# 2009 Dodge Ram pickup trucks



## SnoFarmer (Oct 15, 2004)

http://www.allpar.com/model/ram/2009-ram.html

I don't like the new center counsel,, It takes up to much cab space.
It gives you that small cockpit feeling...in a full size truck??

And another track bar on the rear axle

"The big news will be a new turbodiesel from Cummins, showing up in 2010; it will greatly increase low-end torque while slashing gas usage by nearly a third and reducing carbon dioxide emissions by 20%, compared to a similar gas engine. The Cummins diesel will meet 50-state emissions standards for 2010. "

Well I hope it can do better that just slash "GAS usage" as a diesel does not burn any "gas" lol.....


----------



## exmark1 (Nov 30, 2005)

SnoFarmer;487627 said:


> http://www.allpar.com/model/ram/2009-ram.html
> 
> I don't like the new center counsel,, It takes up to much cab space.
> It gives you that small cockpit feeling...in a full size truck??
> ...


I second that track bar...If the front ones worked out so great lets add another one! I hate having to replace them!


----------



## dakotasrock (Mar 23, 2006)

yea this is all being discussed here. http://www.plowsite.com/showthread.php?t=55750


----------



## Mark Oomkes (Dec 10, 2000)

SnoFarmer;487627 said:


> Well I hope it can do better that just slash "GAS usage" as a diesel does not burn any "gas" lol.....


Crap, beat me to it. LMAO 

Idiots that write news articles.

PS I heard they were changing to the Cummings brand.


----------



## SnoFarmer (Oct 15, 2004)

Mark Oomkes;488652 said:


> Crap,
> 
> PS I heard they were changing to the Cummings brand.


Well that could be interesting too?.....


----------



## Plowinpro03 (Dec 18, 2007)

thats odd...been a chevy fanboi all my life, however my father always used dodge trucks...so i was thinking to switch up my driving days to a dodge...im liking the new style..(yes it seems as tho many of you are bias of the "new" looks of the truck, however there's no way around it being thats its appealing to more of the public then to those that are just in it for the work ethics...stick with an old rig to work with)....i may pick up an 08 diesel for now, then trade it in towards a new one of these bab boys in late '10..


----------



## JCplowing (Dec 28, 2007)

Looks Like A Ford Mustang In The Front!!! I Dont Like It!!


----------



## Kingwinter (Jan 26, 2008)

I really like the look of it!!!!


----------



## LwnmwrMan22 (Jan 20, 2005)

That center console... I'm sure that's just an option like one of my 2006 trucks.

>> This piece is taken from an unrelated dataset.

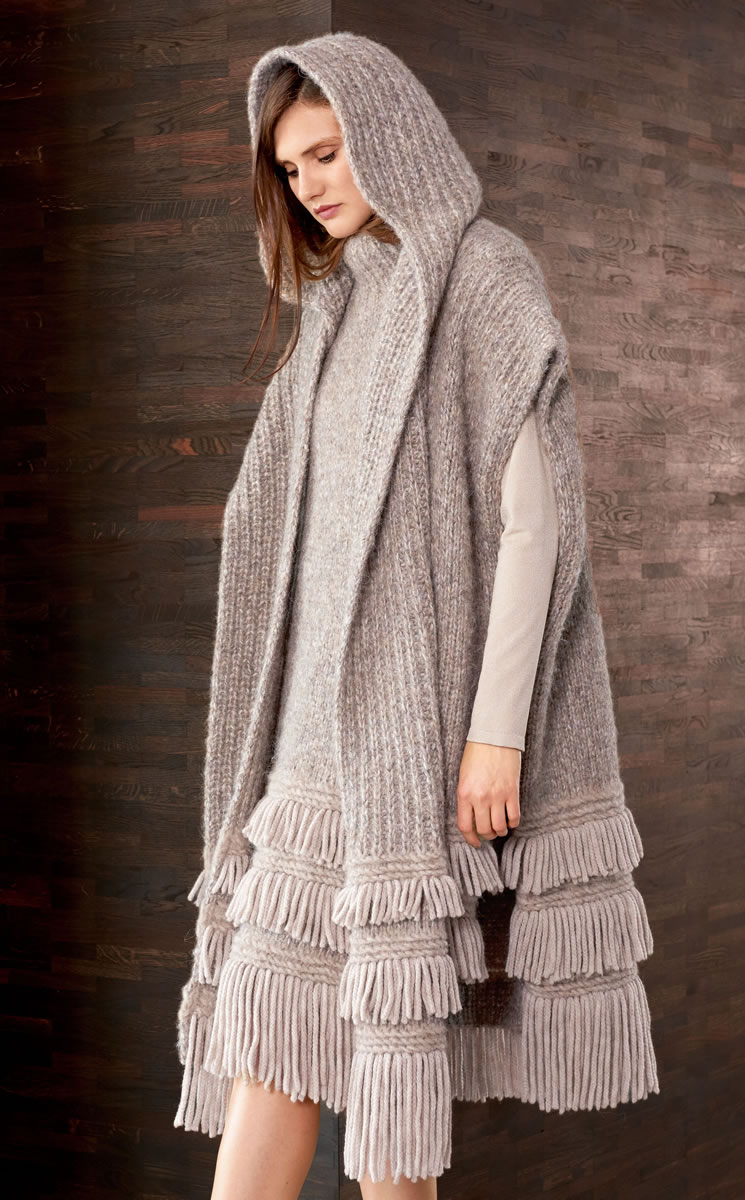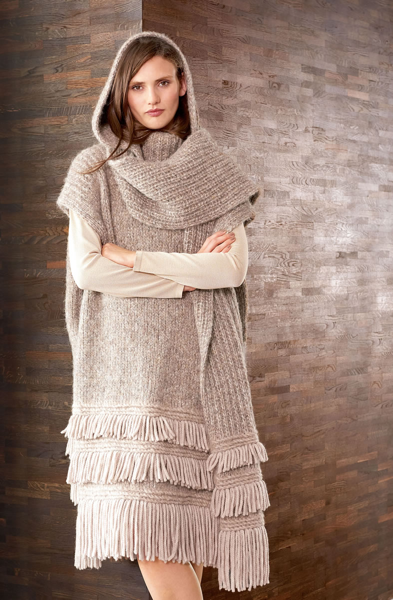Lana Grossa-kvalitet „Garzato Fleece“ (70 % (baby) alpaka, 30 % polyamid, løbelængde = ca. 225 m / 50 gr.): ca. 300 gr natur/beige (fv 23), ”Cloud” (80 % alpaka, 14 % ren ny uld, 6 % polyamid, løbelængde = ca. 80 m / 50 gr.): 50 gr beige (fv 2) og „Alta Moda Superbaby“ (67 % ren ny uld (merino), 30 % (baby) alpaka, 3 % polyamid, løbelængde = ca. 60 m / 50 gr.): ca. 100 gr beige (fv 24), strikkepinde nr. 8, 9 og 10.

I'll be honest, it's really really nice having all that extra storage space in a truck, especially in a quad cab as you already have more than enough seating. After all, haul more than 5 guys with your plow on, and you're overweight for the front axle. 

I'm sure the other options will still put the 30/40/30 split in the front, as standard now.


----------



## JD Dave (Mar 20, 2007)

I like the beer cooler in the floor and the truck rail storage boxes, just not sure how well they would stand up.


----------



## PLOWMAN45 (Jul 2, 2003)

to car like give me the early 90s to late 00s


----------



## toby4492 (Dec 28, 2005)

JD Dave;502990 said:


> I like the beer cooler in the floor and the truck rail storage boxes, just not sure how well they would stand up.


I heard that the Canadian models will have this optional beer cooler available as well


----------



## justme- (Dec 28, 2004)

from that page "An optional center console has a floor-mounted automatic transmission shifter "

They're going to 5 link rear suspension- the 03 trucks fixed the track bar problem with the front end- no reason not to use it in the rear IF it actually improves the suspension and performance. I suspect they will abandon it on 3500 and higher models since the coil springs simply will not be as durable as leaf springs under those working conditions.

Now, if they use air springs like the semis use.......


As a semi industry insider believe me you're going to see alot of changes from Chrysler in the next few years! Especially in the Dodge division- they're working to get themselves out from under the Mercedes influence and recover from the "merger" to get back to a viable standalone company.

Here's an example- Front doors are a new construction style. The roll-frame design now relocates the door cut to the side of the vehicle, similar to the Chrysler 300C and other recent products. This dramatically improves wind noise and reduces weight. 
The old style door opening contributed highly to water leaks with worn gaskets (On all Dodge vehicles) as well as door rust being accelerated from the road spray being thrown right into the door opening at the bottom from the tires- with and without the mud flaps.
Mercedes went to that style of manufacture for ease of manufacture and cost cutting.


----------